St. Louis Children's Hospital Contact Info

Dear  St. Louis Children's Hospital,

instead of embracing the technological advances that we're all lucky enough to enjoy, It has been brought to our attention that St. Louis take little kittens and ferrets and teach intubation by shoving tubes down their throats. Does this cause discomfort to the animals? Yes. Not only discomfort, but can result in bleeding, swelling, collapsed lungs, scarring of the throat tissue, and, you guessed it -- death.
Not only are you testing your intubation skills on the kittens, you're also forcing air into cats' chest cavities so that students can practice inserting a needle to remove the excess air.

The American Heart Association, which sponsors the PALS training course, has stated that it "does not require or endorse the use of animals in PALS courses" and that "the AHA recommends that any hands-on intubation training for the AHA PALS course be performed on lifelike human manikins."A Survey of  hundreds of PALS facilities across the country, and nearly every one of them uses non-animal methods for intubation training. Research shows that in addition to saving animals, these simulation methods better prepare medical professionals to treat seriously ill or injured children because they more accurately replicate human anatomy and allow people to practice these skills repeatedly. One of the original developers of the PALS course has even stated that she is "adamantly opposed to the use of live or even dead animals in the American Heart Association PALS curriculum."
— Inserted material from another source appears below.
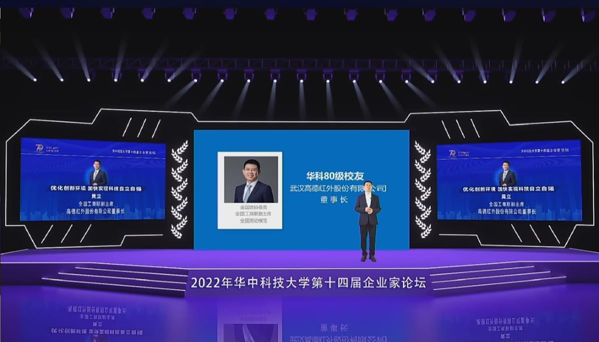 10月6日是华中科大建校70周年的纪念日,在当天举行的校庆系列活动第十四届企业家论坛上,华科80级校友、全国工商联副主席、武汉高德红外股份有限公司董事长黄立发表主旨演讲,从为什么要干红外、为什么要干军工、为什么要干芯片,解析了高德红外科技创新之路。同时,他从企业的层面,从四个方面分享了对企业推进科技自立自强的研究和思考。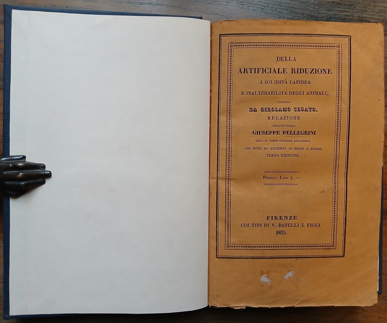Della artificiale riduzione a solidità lapidea e inalterabilità degli animali scoperta da Girolamo Segato. Relazione dell'avvocato Giuseppe Pellegrini socio di varie illustri accademie, con note ed aggiunte di prose e poesie. Terza edizione.

St. Louis Children's Hospital continues to use cats and ferrets for intubation training in its Pediatric Advanced Life Support (PALS) course, even though the animals involved experience a great deal of suffering and even though the course's sponsor.
The American Heart Association, does not require or endorse the use of animals.
Nearly every other PALS facility across the country uses exclusively non-animal methods for these exercises.

Please immediately put an end to the use of animals in the PALS course and in any supplementary airway training and replace them with one of the humane, effective, non-animal alternatives that are available.

We thank you for your time and co-operation in this urgent matter.